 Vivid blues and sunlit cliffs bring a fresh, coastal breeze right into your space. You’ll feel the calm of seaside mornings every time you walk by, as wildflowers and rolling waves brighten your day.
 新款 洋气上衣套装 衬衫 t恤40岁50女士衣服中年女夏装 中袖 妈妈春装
* * *
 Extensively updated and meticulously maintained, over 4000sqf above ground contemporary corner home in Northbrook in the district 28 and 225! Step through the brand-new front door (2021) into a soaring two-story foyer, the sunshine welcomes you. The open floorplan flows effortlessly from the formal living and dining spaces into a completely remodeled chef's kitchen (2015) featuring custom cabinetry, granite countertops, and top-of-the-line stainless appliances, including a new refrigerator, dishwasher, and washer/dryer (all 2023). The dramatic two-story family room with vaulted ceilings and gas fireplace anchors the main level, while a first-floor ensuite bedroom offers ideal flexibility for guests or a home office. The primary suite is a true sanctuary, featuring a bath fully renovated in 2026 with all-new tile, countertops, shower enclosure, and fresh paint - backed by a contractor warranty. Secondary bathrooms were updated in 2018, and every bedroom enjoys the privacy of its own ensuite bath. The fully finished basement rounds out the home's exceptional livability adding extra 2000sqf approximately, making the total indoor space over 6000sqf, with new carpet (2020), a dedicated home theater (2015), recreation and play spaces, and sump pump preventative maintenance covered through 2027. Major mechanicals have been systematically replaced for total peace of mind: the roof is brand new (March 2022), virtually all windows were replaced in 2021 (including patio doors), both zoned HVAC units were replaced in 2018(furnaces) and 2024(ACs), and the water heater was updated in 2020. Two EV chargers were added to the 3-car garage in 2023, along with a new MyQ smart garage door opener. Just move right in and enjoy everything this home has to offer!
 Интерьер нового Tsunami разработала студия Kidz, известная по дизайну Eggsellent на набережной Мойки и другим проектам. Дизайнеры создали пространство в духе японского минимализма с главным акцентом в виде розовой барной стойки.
--
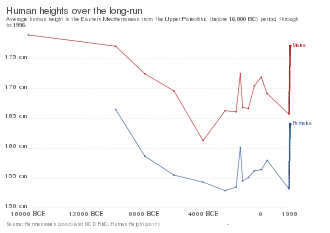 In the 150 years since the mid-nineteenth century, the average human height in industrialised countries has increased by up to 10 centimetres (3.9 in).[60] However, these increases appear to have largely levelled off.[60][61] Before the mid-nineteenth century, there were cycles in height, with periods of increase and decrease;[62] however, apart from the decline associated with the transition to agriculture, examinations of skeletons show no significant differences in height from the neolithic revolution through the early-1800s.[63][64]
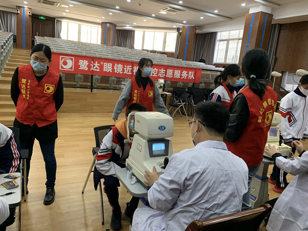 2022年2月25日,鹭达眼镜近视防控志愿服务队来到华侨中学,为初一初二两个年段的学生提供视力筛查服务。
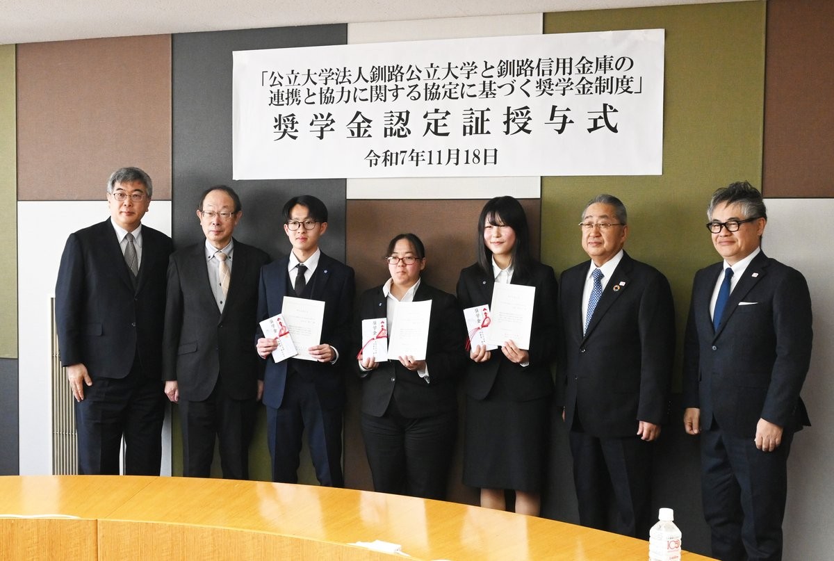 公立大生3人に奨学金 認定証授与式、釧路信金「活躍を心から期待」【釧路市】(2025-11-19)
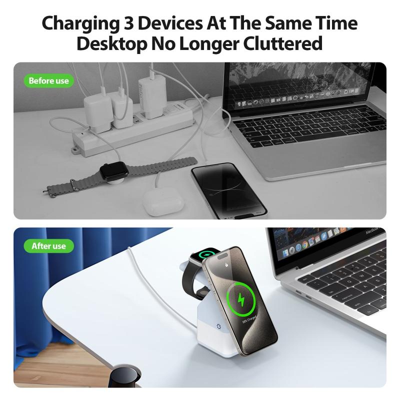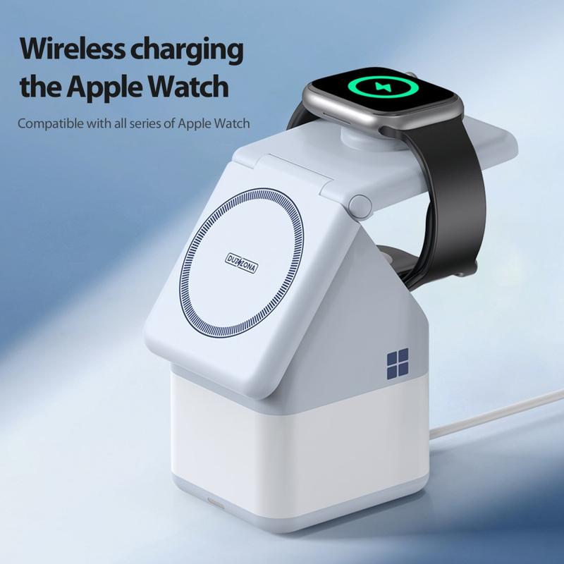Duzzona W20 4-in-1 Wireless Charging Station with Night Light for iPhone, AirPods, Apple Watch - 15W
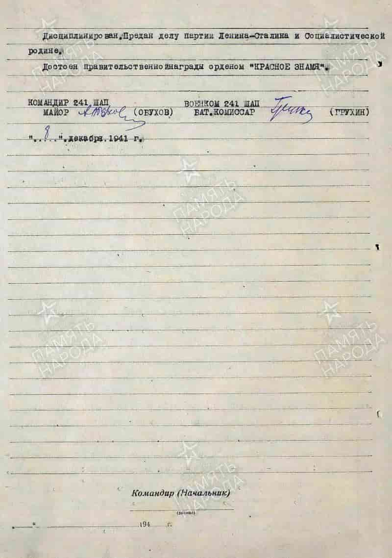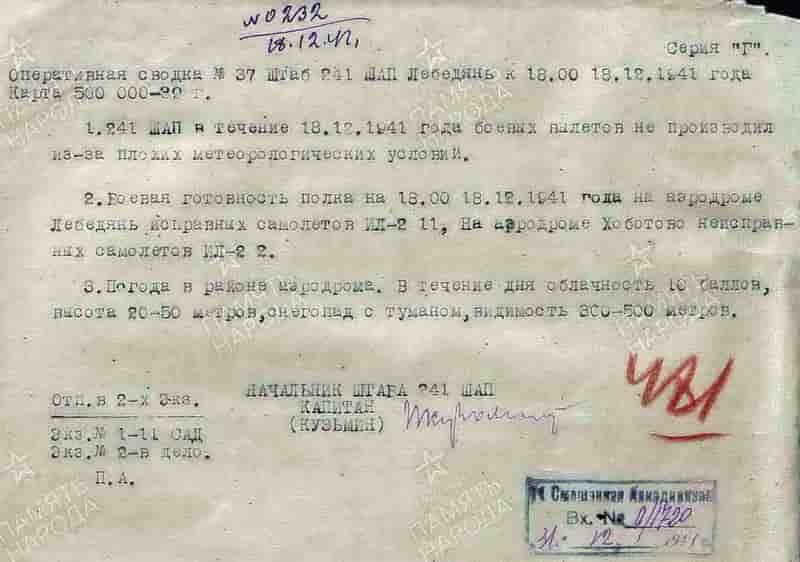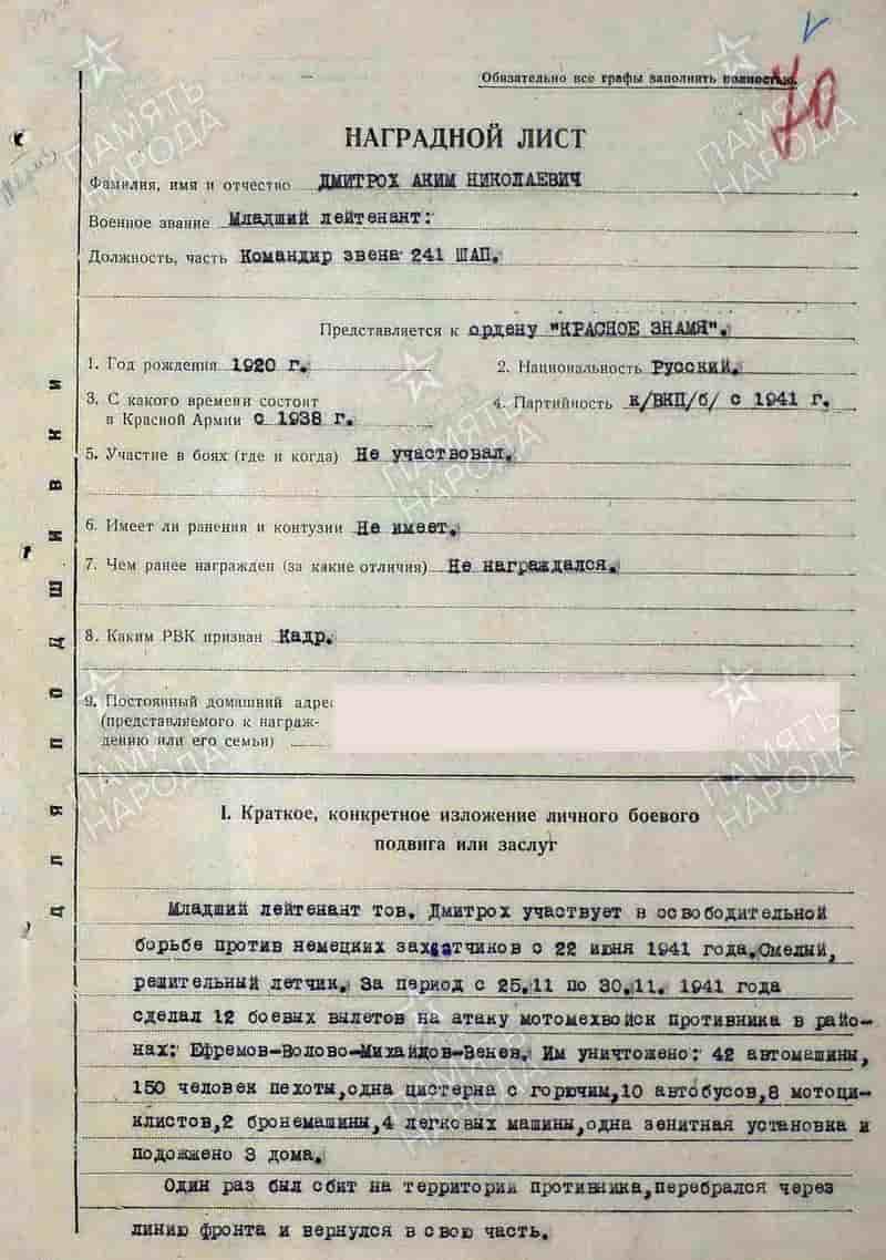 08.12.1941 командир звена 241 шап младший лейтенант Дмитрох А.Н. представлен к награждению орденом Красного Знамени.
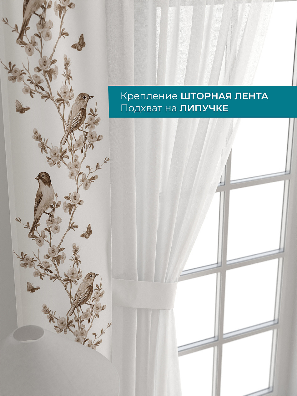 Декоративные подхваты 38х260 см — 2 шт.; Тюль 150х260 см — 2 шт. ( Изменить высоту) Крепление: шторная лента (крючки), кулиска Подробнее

Directions »
From the listing above, restate verbatim the lines running from the one with "公立大生3人に奨学金 認定証" through the one with "Декоративные подхваты 38х260", inclusive, but not the pictures.

Solution to this task »
 公立大生3人に奨学金 認定証授与式、釧路信金「活躍を心から期待」【釧路市】(2025-11-19)
Duzzona W20 4-in-1 Wireless Charging Station with Night Light for iPhone, AirPods, Apple Watch - 15W
 08.12.1941 командир звена 241 шап младший лейтенант Дмитрох А.Н. представлен к награждению орденом Красного Знамени.
 Декоративные подхваты 38х260 см — 2 шт.; Тюль 150х260 см — 2 шт. ( Изменить высоту) Крепление: шторная лента (крючки), кулиска Подробнее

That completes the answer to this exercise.